Clinical pharmacokinetics of amikacin in hypoxic premature foals

Summary The pharmacokinetics of amikacin, administered iv at 7 mg/kg, every 8 h, were evaluated over the first 48 h of hospitalisation in 7 critically ill hypoxic premature foals and compared with those in 8 full-term nonhypoxic critically ill neonatal foals. The pharmacokinetic data were used to calculate dosage schedules that would maintain the plasma amikacin concentrations in individual foals within a target range of ≥15 μg/ml but <30 μg/ml for peak values and ≤3 μg/ml for trough values.
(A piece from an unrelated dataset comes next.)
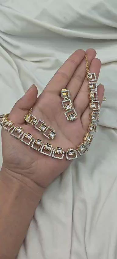 Geometric Square Kundan & Cubic Zircon Dual Tone Adjustable Short Necklace

The results indicated a statistically significant increase in the amikacin serum half-life (5.39 ± 3.46 h) and smaller elimination rate constant (0.17 ± 0.09 h−1) in premature foals. The pharmacokinetic derangements required increasing the dose to 8.5–10.5 mg/kg bwt in 6 of 7 premature foals and an increase in the dosage interval to 12–24 h in all 7 foals. Overall, the total dosage of amikacin was decreased in the hypoxic, premature foals so that target peaks and troughs could be maintained. Our findings suggest that prematurity and hypoxia are variables related to a prolonged serum half-life of amikacin in hypoxic, premature foals. Although there was no evidence of amikacin-induced nephrotoxicity in any of these foals, daily monitoring and tailoring of the dose schedule to the individual foal are strongly advised.